> _Given data_
/---

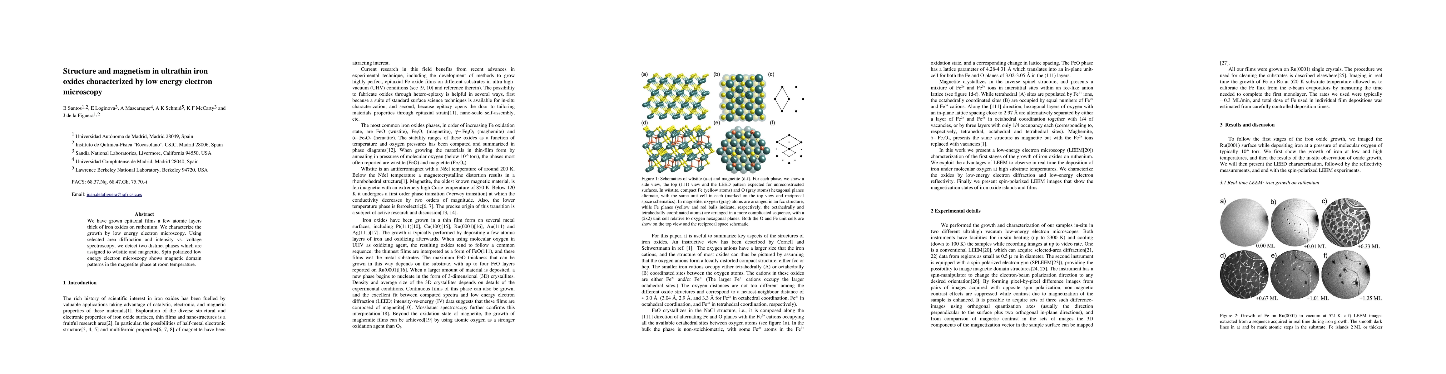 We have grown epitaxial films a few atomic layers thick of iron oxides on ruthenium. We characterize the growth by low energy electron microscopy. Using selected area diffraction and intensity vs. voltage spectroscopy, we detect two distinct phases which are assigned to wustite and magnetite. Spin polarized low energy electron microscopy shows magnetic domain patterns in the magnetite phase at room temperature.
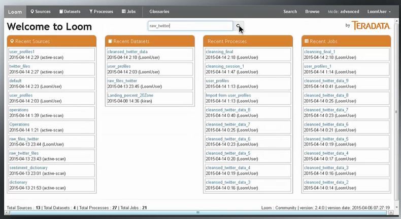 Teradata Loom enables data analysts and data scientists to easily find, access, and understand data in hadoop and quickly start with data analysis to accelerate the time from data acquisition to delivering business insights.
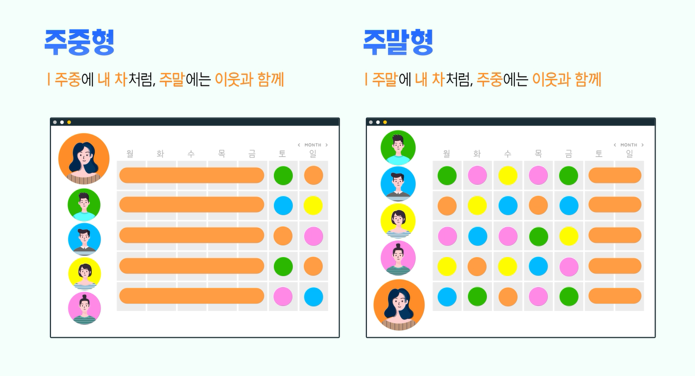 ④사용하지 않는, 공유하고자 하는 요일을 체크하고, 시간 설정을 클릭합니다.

\---
/---

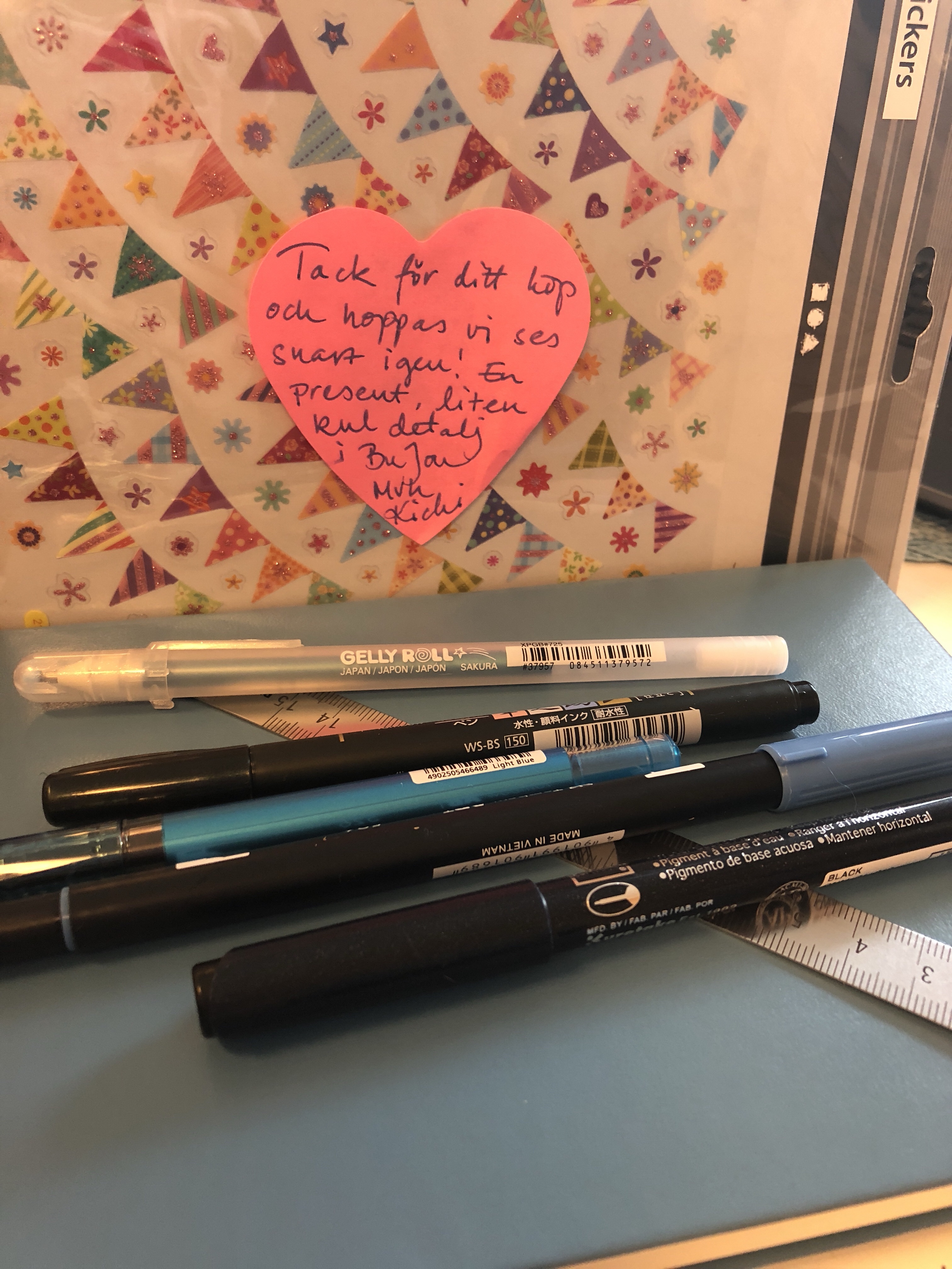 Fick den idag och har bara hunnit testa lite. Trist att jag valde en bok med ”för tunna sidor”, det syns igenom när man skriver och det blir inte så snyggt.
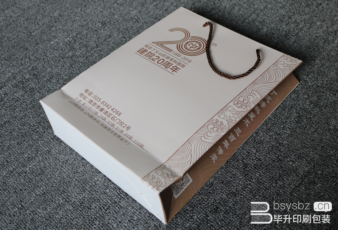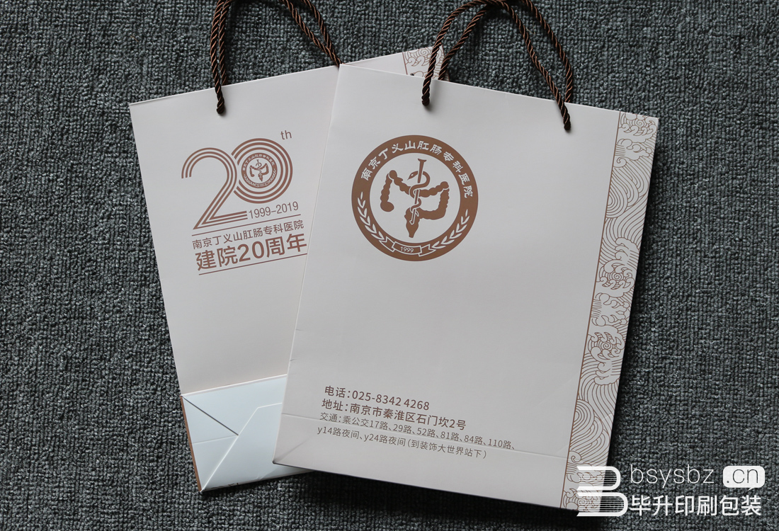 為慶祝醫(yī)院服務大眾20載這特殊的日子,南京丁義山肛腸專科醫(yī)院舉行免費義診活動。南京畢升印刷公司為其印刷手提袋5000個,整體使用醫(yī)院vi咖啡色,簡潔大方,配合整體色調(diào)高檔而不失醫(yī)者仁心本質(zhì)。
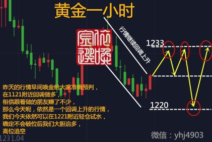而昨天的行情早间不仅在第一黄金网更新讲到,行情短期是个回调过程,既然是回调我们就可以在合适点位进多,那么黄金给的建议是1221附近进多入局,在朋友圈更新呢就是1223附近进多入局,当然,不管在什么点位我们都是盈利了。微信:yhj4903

\---

> _Exercise prompt_
Where a picture appears in the records above, omit it, and transcribe exactly the stretch of lines from the one with "Fick den idag" through the one with "而昨天的行情早间不仅在第一黄".

> _Solution to the problem_
 Fick den idag och har bara hunnit testa lite. Trist att jag valde en bok med ”för tunna sidor”, det syns igenom när man skriver och det blir inte så snyggt.
 為慶祝醫(yī)院服務大眾20載這特殊的日子,南京丁義山肛腸專科醫(yī)院舉行免費義診活動。南京畢升印刷公司為其印刷手提袋5000個,整體使用醫(yī)院vi咖啡色,簡潔大方,配合整體色調(diào)高檔而不失醫(yī)者仁心本質(zhì)。
而昨天的行情早间不仅在第一黄金网更新讲到,行情短期是个回调过程,既然是回调我们就可以在合适点位进多,那么黄金给的建议是1221附近进多入局,在朋友圈更新呢就是1223附近进多入局,当然,不管在什么点位我们都是盈利了。微信:yhj4903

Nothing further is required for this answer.